A structured set of objections, weighed in public.

Desk editor's note, referee report, simulated authors' rebuttal, and a circularity audit. Tearing a paper down is the easy half of reading it; the pith above is the substance, this is the friction.

Desk Editor's Note private letter to a colleague

The paper derives a closed-form coefficient to cut gradient variance in MeanFlow by treating the conditional velocity as both target and control variate, but its own sweeps show FID is lowest when that coefficient is set to direct use of the velocity, not at the variance minimum.

read the letter

The main point is that the authors model the conditional velocity field as serving two statistical jobs in the loss—an unbiased regression target and a Monte Carlo control variate inside the Jacobi-vector product—and solve for the coefficient that minimizes variance in closed form. They also note that several recent practical patches line up as different ways to realize the same optimum. That derivation and unification is the actual new piece here. The controlled sweeps on 2D benchmarks and latent DiT checkpoints recover the expected bias-variance ordering, which gives decent support for the modeling choice. Reporting the mismatch between the variance minimum and the FID minimum is also useful; it shows they looked at what actually matters downstream rather than stopping at the theory quantity. The soft spot is exactly that mismatch. Gradient variance bottoms out at an interior coefficient, yet FID keeps getting better toward the boundary that just uses the conditional velocity directly. This means the sample-quality gains (the 54% figure and the monotone FID trend) are not clearly produced by the variance reduction the theory targets. Other factors in optimization or sampling are likely doing more of the work, so the attribution of improvement to the derived coefficient is weaker than the abstract presents. The paper is aimed at people working on one-step generative models and flow-matching stability. Readers who want a theoretical account of why MeanFlow training blows up, or who are trying to connect empirical fixes, will find the derivation and the honest landscape check worth their time. It deserves a serious referee because the closed-form result is explicit and the reported disconnect between variance and FID is the kind of observation that needs discussion and follow-up experiments.

Referee Report

2 major / 2 minor

Summary. The paper claims that instability in MeanFlow training stems from the conditional velocity field being assigned an incorrect coefficient in the loss, as it simultaneously serves as an unbiased regression target and a Monte Carlo control variate within the Jacobi-vector product. The authors derive the variance-optimal coefficient in closed form, unify several concurrent fixes as alternative realizations of the same optimum, and report that controlled coefficient sweeps on 2D benchmarks and latent DiT models recover the predicted bias-variance ordering, deliver up to 54% sample-quality gains, and produce monotone FID trends, while explicitly noting a quantitative mismatch in which gradient variance is minimized at an interior coefficient but FID is minimized at the boundary value corresponding to direct use of the conditional velocity.

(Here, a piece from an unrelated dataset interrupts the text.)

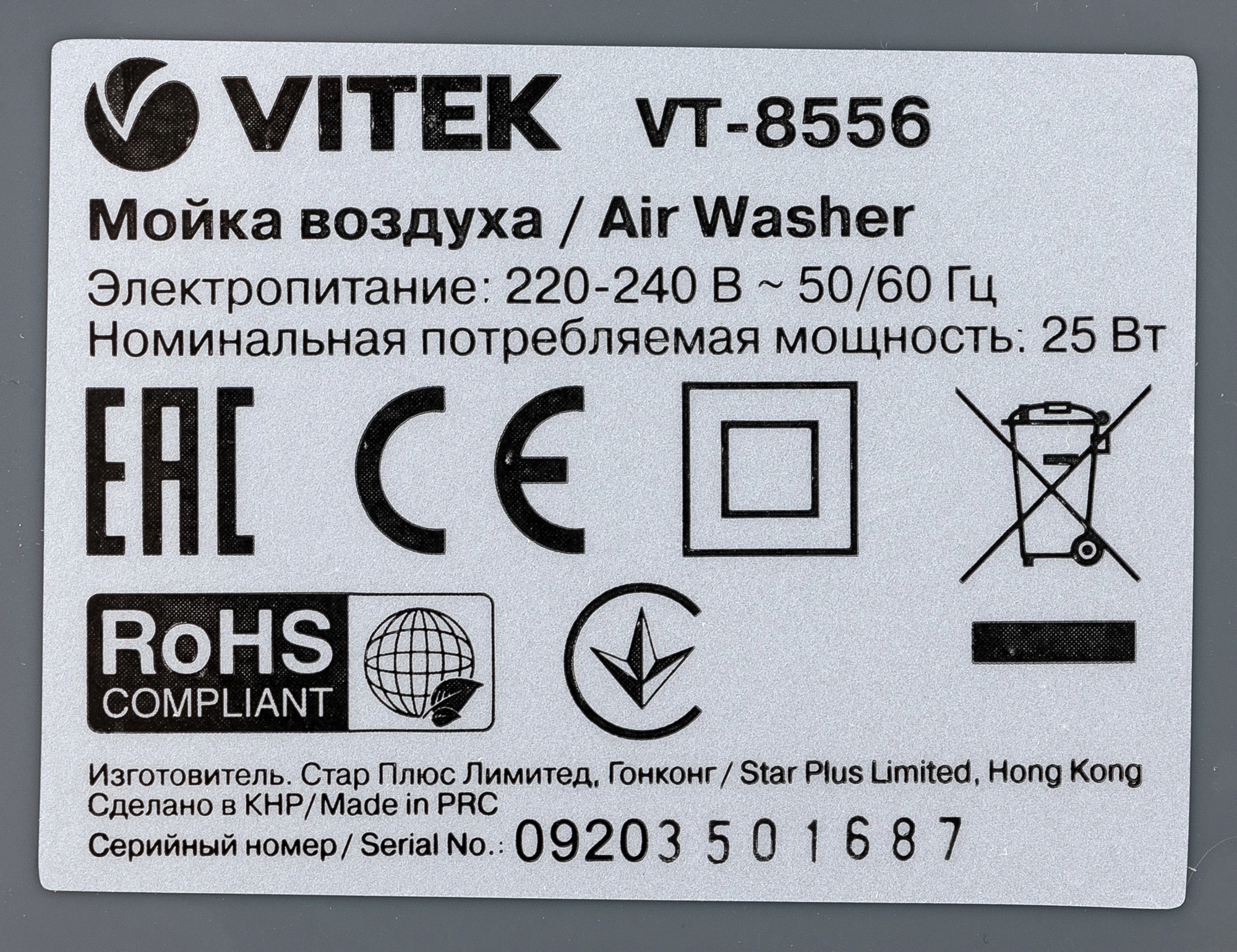 Мойка воздуха Vitek 8556-VT-01 25Вт серый

Significance. If the derivation is sound, the work supplies a principled statistical account of MeanFlow pathology and a parameter-free correction that could stabilize one-step generative models while explaining prior heuristics. The closed-form result and the unification of concurrent methods are clear strengths. The reported empirical mismatch between the variance minimum and the FID minimum, however, weakens the causal attribution of quality gains to the proposed coefficient and suggests that unmodeled optimization or sampling dynamics may be responsible for the observed improvements.

major comments (2)

[Abstract] Abstract: the manuscript states that gradient variance is minimized at an interior coefficient while FID is minimized by the boundary value that recovers direct conditional-velocity use. This quantitative mismatch between the quantity optimized by the theory (gradient variance) and the downstream metric (FID/sample quality) means the attribution of the reported 54% improvement and monotone FID trend to the derived coefficient is not fully supported; other factors may drive the gains.
[Theory derivation] The central derivation (presumably §3) models the conditional velocity as playing two distinct statistical roles and derives a closed-form coefficient that corrects only the control-variate role. It is unclear from the provided description whether this correction preserves unbiasedness of the regression target or introduces a new bias term; an explicit expansion of the loss and the Jacobi-vector product is needed to confirm that the optimum does not trade one source of bias for another.

minor comments (2)

[Abstract] The abstract contains a typographical error: '%54' should read '54%'.
[Experiments] Experimental sections should include the precise definition of the coefficient sweep range, the exact DiT checkpoint matching procedure, and raw variance/FID values (not only trends) to allow independent verification of the bias-variance ordering.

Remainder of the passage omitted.